RFR: 8247213: G1: Reduce usage of volatile in favour of Atomic operations

Tue Jun 23 13:06:38 UTC 2020

On 14/06/2020 10:51, Kim Barrett wrote:

 >
 > I think having a class for atomic members and variables is good, using
 > the compiler to help keep us honest about what we're doing. So I
 > generally like this change, despite the number of comments below.
 >
 > First a few general comments, then a bunch of detailed comments on
 > specific changes.
 >
 > 
------------------------------------------------------------------------------
 >
 > I kind of wish this had been broken up into smaller chunks.  Looking
 > at a large number of changes involving atomic operations all in one go
 > is pretty tiring.
 >

I could have broken it down in smaller chunks, sorry. I wanted to show 
it as a whole.

 > 
------------------------------------------------------------------------------
 >
 > I hope that this will not be a G1-specific usage, nor even a
 > GC-specific usage, but rather will eventually be used throughout
 > HotSpot. If not, then I'm not sure this change should be made; I
 > wouldn't like having the differing styles of volatile members in some
 > code and AtomicValue in other code (other than as a temporary state as
 > changes are incrementally made). (That doesn't mean that I think all
 > atomic operations should involve AtomicValue, and the static Atomic
 > functions are no longer needed.
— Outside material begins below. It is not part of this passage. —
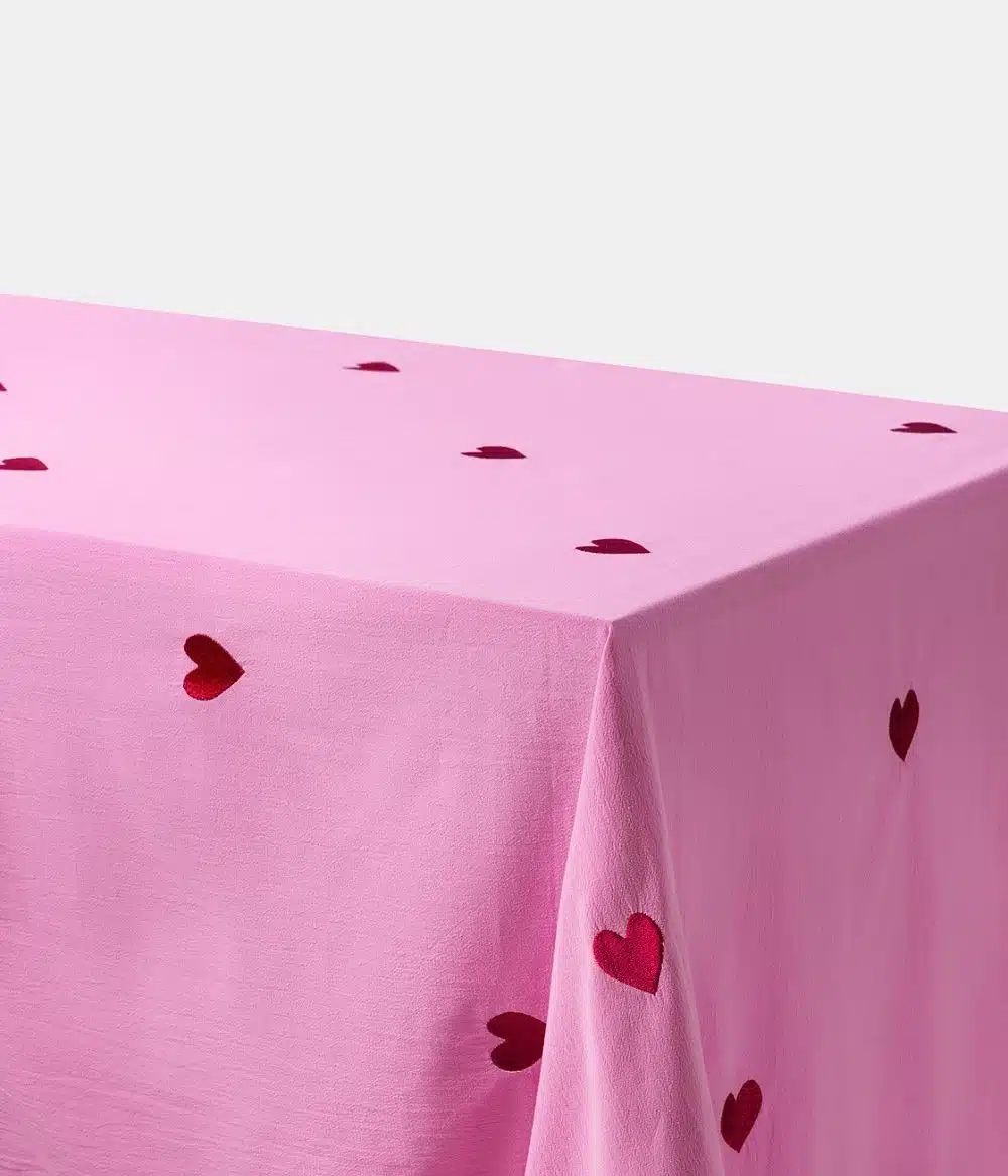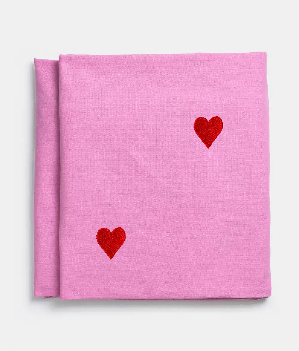 Een zoet roze tafelkleed met geborduurde rode hartjes van het Zweedse Midnatt waarmee je iedere eettafel net dat beetje extra geeft.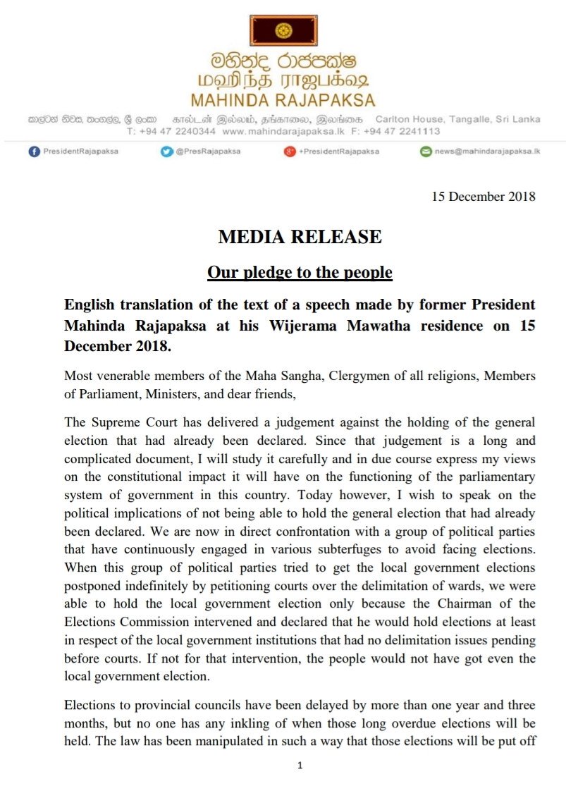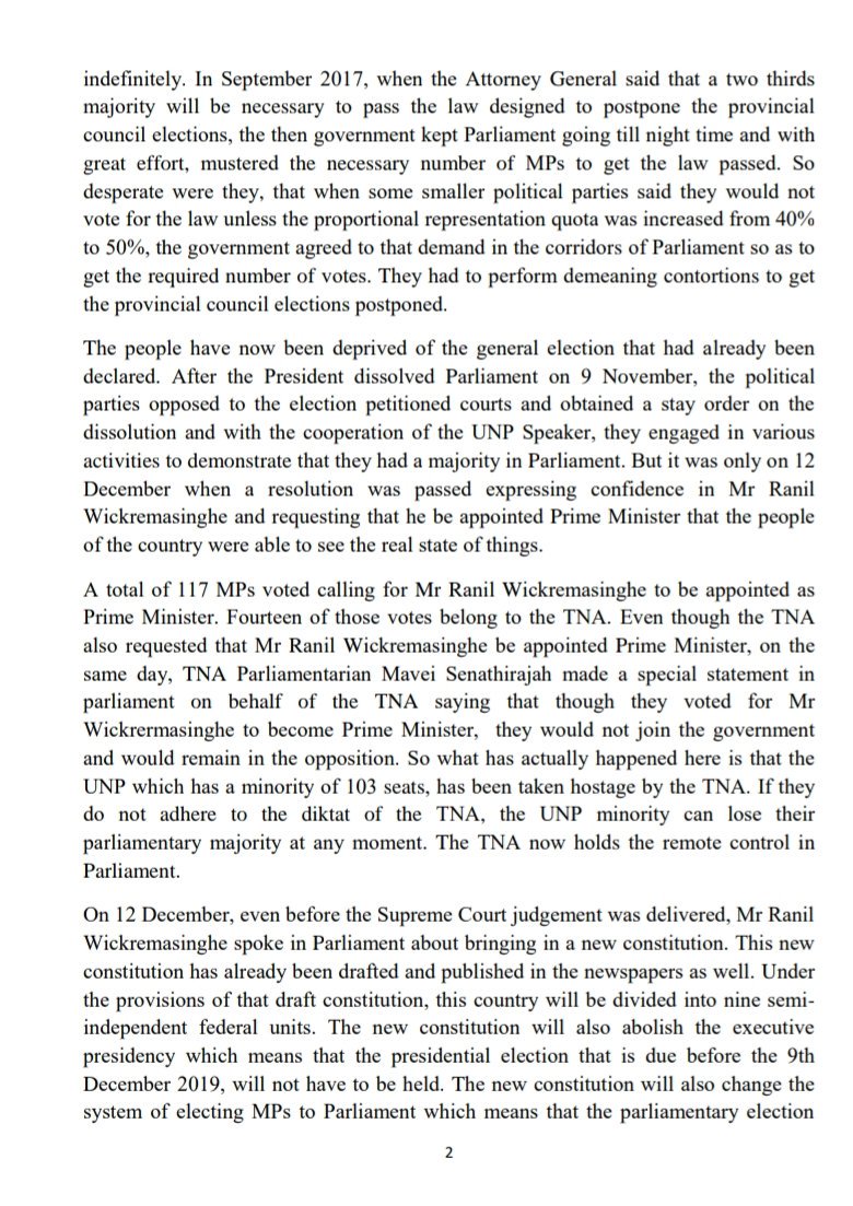 "UNP which has a minority of 103 seats, has been taken hostage by TNA. If they dont adhere to the diktat of the TNA, UNP minority can lose their parliamentary majority at any moment. TNA now holds the remote control in Parliament" Former President Rajapaksa resignation statementpic.twitter.com/Wv3RQtlxDW

I think there are some places where
 > forcing things into the former mold is problematic and the Atomic
 > functions will still have direct uses.)

I have a change waiting for zgc as well. I want feedback on this review 
before sending that change out. I am planning to fix this for parallel 
and serial as well, but I do not plan to do anything outside the "gc" 
folder.

 >
 > 
------------------------------------------------------------------------------
 >
 > The name of the class has generated some discussion. (Full disclosure:
 > I suggested AtomicValue.) "AtomicValue" follows the style guide of
 > using CamelCase for type names. But there are lots of
 > counter-examples. "Atomic" is a bit strange, since then we'd have a
 > class that is both a thin wrapper with member functions and an
 > AllStatic with similarly named static member functions taking an
 > additional explicit argument. The alternative would be to give this
 > class the "Atomic" name and rename the existing "Atomic", but that
 > would be pretty disruptive. atomic is short and aligns nicely with
 > Atomic, but names that differ only in case may be considered a
 > problem.  Brevity doesn't seem super critical here; the type name is
 > mostly used as the type for data members and global variables, and
 > rarely appears in function signatures.

The name is okay with me, I am also open for another name (it is hard to 
get something everyone likes).

 > 
------------------------------------------------------------------------------
 >
 > There are a number of places where plain arithmetic was being
 > performed on relevant variables (mostly pre/post increment/decrement).
 > I think most of these were intentionally not using Atomic arithmetic,
 > because they are in single-threaded (mutex or safepoint) contexts.
 >
 > This change currently transforms those all into atomic inc/add/&etc.
 > I've been waffling about this, and have noted occurrences in the
 > detailed comments below. There is a (probably often negligable, though
 > maybe not always) performance cost to that transformation, but that's
 > not what concerns me. When I see an atomic operation, I expect there's
 > something interesting happening and ordering or atomicity is
 > important. Using atomic operations unnecessarily breaks that
 > expectation, making the code less clear. That doesn't mean we should
 > use pre/post increment/decrement operators and such for "non-atomic"
 > uses though; we could have other names that are more explicit. (Note
 > that atomic arithmetic operations with relaxed memory order are not
 > the same thing as non-atomic arithmetic operations.)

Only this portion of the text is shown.